*Task input*
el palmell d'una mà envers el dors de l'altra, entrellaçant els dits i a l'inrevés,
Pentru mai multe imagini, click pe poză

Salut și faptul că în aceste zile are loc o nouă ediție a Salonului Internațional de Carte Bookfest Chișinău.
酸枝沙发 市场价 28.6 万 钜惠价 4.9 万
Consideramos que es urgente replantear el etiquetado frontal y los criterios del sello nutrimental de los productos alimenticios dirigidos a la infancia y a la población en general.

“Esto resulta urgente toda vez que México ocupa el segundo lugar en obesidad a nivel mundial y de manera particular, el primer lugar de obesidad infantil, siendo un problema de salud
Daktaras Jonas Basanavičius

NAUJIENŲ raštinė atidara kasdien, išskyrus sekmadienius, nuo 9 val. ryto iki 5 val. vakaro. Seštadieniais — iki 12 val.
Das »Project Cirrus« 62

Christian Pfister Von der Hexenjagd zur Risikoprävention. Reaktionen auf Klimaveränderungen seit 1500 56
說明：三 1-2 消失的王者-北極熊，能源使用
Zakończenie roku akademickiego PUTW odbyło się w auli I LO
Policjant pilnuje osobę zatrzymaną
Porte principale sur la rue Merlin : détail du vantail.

...

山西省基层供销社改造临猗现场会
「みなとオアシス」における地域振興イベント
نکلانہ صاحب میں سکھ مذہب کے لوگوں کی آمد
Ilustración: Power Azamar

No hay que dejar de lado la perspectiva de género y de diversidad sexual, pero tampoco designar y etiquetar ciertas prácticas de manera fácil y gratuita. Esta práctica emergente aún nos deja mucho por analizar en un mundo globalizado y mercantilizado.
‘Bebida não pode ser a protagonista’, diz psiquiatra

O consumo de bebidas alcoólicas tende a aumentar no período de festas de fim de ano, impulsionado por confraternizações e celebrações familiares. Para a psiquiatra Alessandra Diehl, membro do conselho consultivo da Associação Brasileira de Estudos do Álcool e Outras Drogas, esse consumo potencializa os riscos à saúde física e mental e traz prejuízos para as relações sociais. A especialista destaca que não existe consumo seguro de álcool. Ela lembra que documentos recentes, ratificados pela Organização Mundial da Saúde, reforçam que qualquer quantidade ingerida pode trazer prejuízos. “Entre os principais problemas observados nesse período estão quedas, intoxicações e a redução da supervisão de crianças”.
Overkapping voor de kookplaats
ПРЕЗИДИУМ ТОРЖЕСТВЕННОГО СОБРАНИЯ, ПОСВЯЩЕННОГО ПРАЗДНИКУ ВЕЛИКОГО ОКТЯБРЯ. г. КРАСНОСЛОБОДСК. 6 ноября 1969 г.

*Task brief*
In the records above, find the line with "NAUJIENŲ raštinė atidara"; write out exactly that line and each one after it, stopping after the line with "Porte principale sur".

*The completed task*
NAUJIENŲ raštinė atidara kasdien, išskyrus sekmadienius, nuo 9 val. ryto iki 5 val. vakaro. Seštadieniais — iki 12 val.
Das »Project Cirrus« 62

Christian Pfister Von der Hexenjagd zur Risikoprävention. Reaktionen auf Klimaveränderungen seit 1500 56
說明：三 1-2 消失的王者-北極熊，能源使用
Zakończenie roku akademickiego PUTW odbyło się w auli I LO
Policjant pilnuje osobę zatrzymaną
Porte principale sur la rue Merlin : détail du vantail.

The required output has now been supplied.